Pro-Prop. 8 Strategist Leaves Consulting Firm

BY admin

April 04 2012 3:40 PM ET

A key political strategist in the 2008 campaign to pass California’s Proposition 8 is leaving his consulting firm to focus exclusively on social conservative (read: antigay) campaigns.

Frank Schubert, Yes on 8’s campaign manager and founder of the Sacramento-based firm Schubert Flint Public Affairs, Tuesday announced his departure from the company as well as his new venture, Mission: Public Affairs.

Following Prop. 8’s passage, Schubert Flint hardly shied away from touting its work on the ballot measure, which earned the firm a 2009 Pollie Award at the American Association of Political Consultants’ annual meeting in Washington, D.C. (Schubert and business partner Jeff Flint discuss their tactics here.)

The firm’s work included notorious ads that have been replicated in same-sex marriage fights in other states. One in particular, of a young girl telling her mother she had learned in school about a prince marrying a prince and how she could marry a princess, had a significant last-minute effect among undecided voters in Prop. 8. (See video below.)

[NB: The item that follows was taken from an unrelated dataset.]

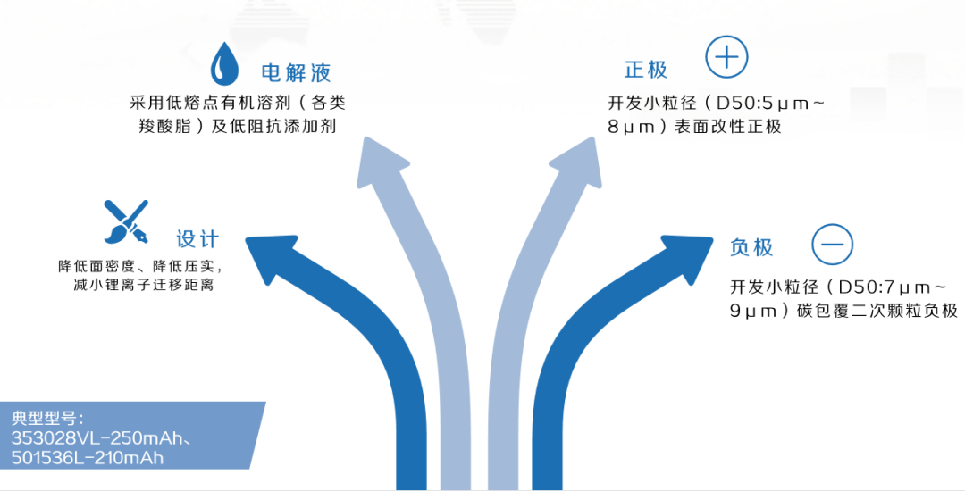 眾旺德采用低溫材料體系開發(fā)的低溫型號(hào)電池,可以實(shí)現(xiàn)負(fù)40至60度的放電溫度、充電溫度可以達(dá)到負(fù)20度至45度的充電,電池壽命可以達(dá)到500周。
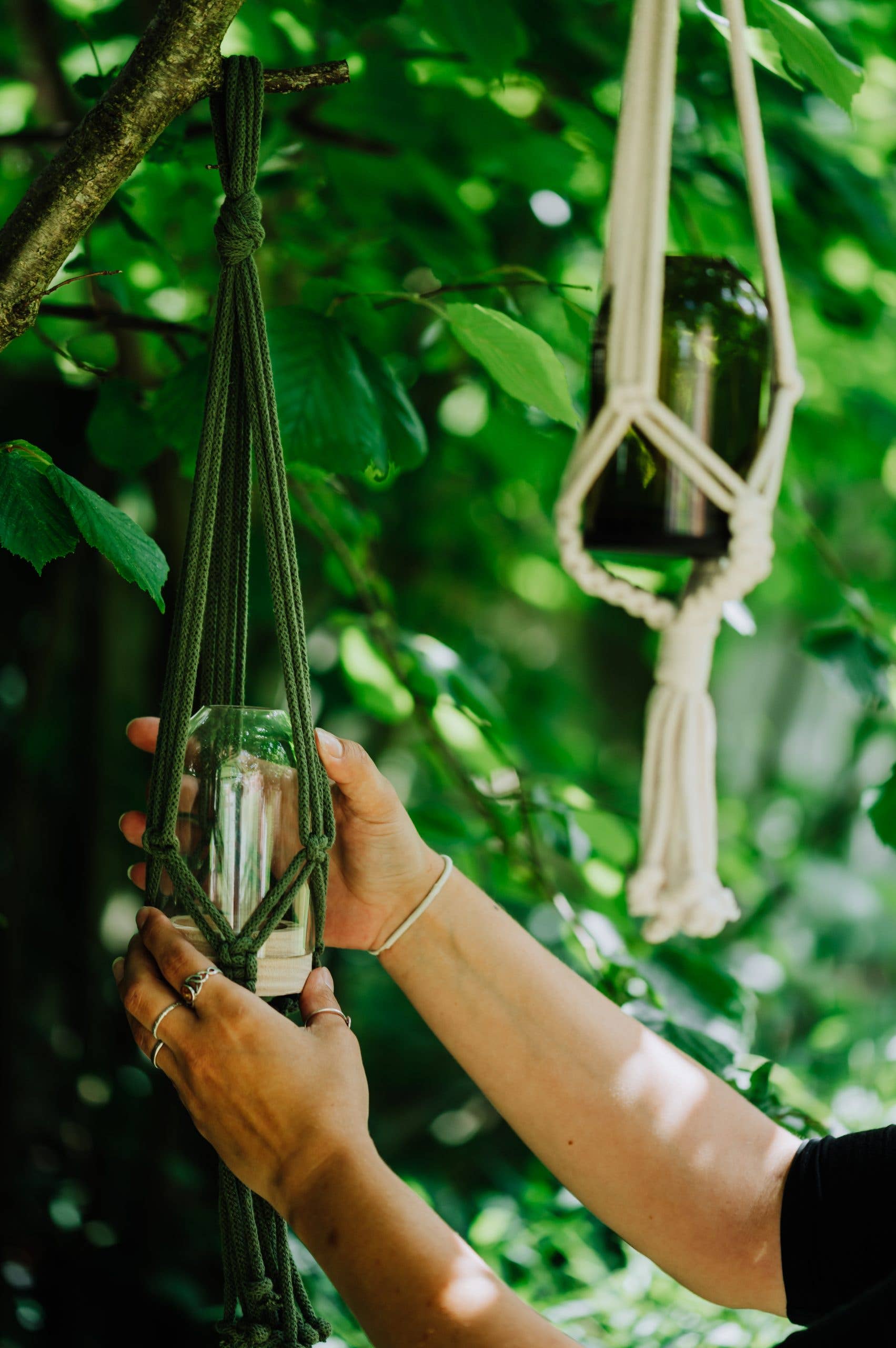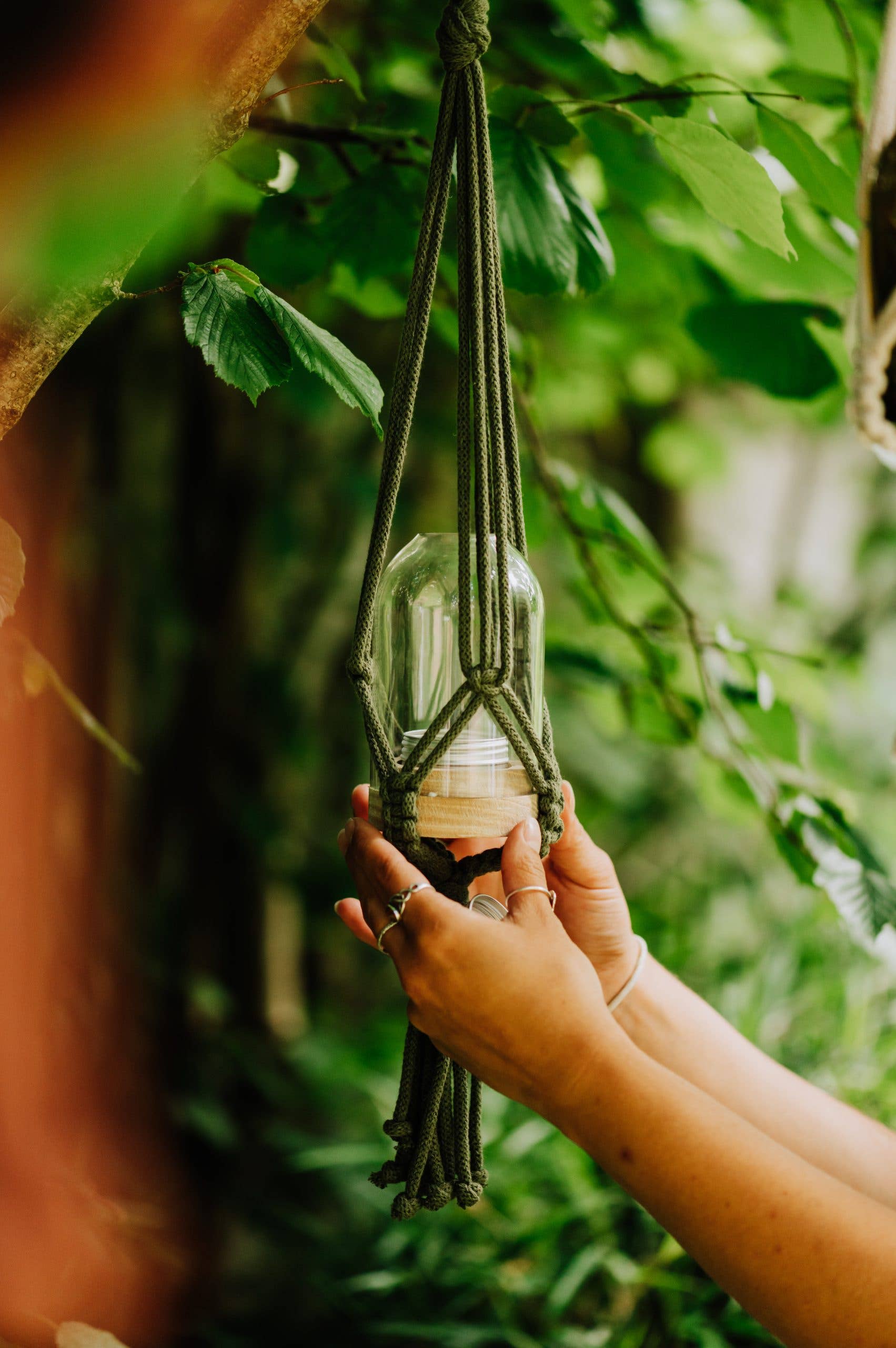 Transform your outdoor and indoor spaces with a versatile glass tealight dome and plant pot holders. Handcrafted from eco-friendly Oeko-Tex cotton cord and combined with our repurposed glass tealight domes, these cord hangers from Old Green Dorset studio add a touch of magic to any setting. They are available in four earthy tones to match your decor; mustard, khaki, natural and rust. Note: This is for the Cord Hanger only. Glass domes are sold separately.

But Schubert Flint has since nearly scrubbed all information on the firm's Prop. 8 work from its website. And judging by Schubert’s Tuesday announcement, that’s no accident.

“Being involved in those issues has resulted in a reluctance by some in the general business community to hire my firm for new work,” Schubert wrote in an email accompanying a press release on his departure. “Additionally, the media focus on my marriage work has overshadowed the work of others in the firm who are accomplishing a lot of great things for our clients.”

Companies that Schubert Flint has worked with in the past include Ford Motor Co. and Reynolds American, both of which have pro-LGBT business policies.

“I've chosen to try to make a difference fighting for families, faith and the principles of the American founding, endowed by God, that gave rise to this exceptional nation of ours. I'm excited about the next chapter in my career,” Schubert continued.

On its blog, the National Organization for Marriage, which saw its damning internal strategy memos go public to much ado last week, enthused of the news, “One small step for a man -- one giant leap for life, marriage and religious liberty!”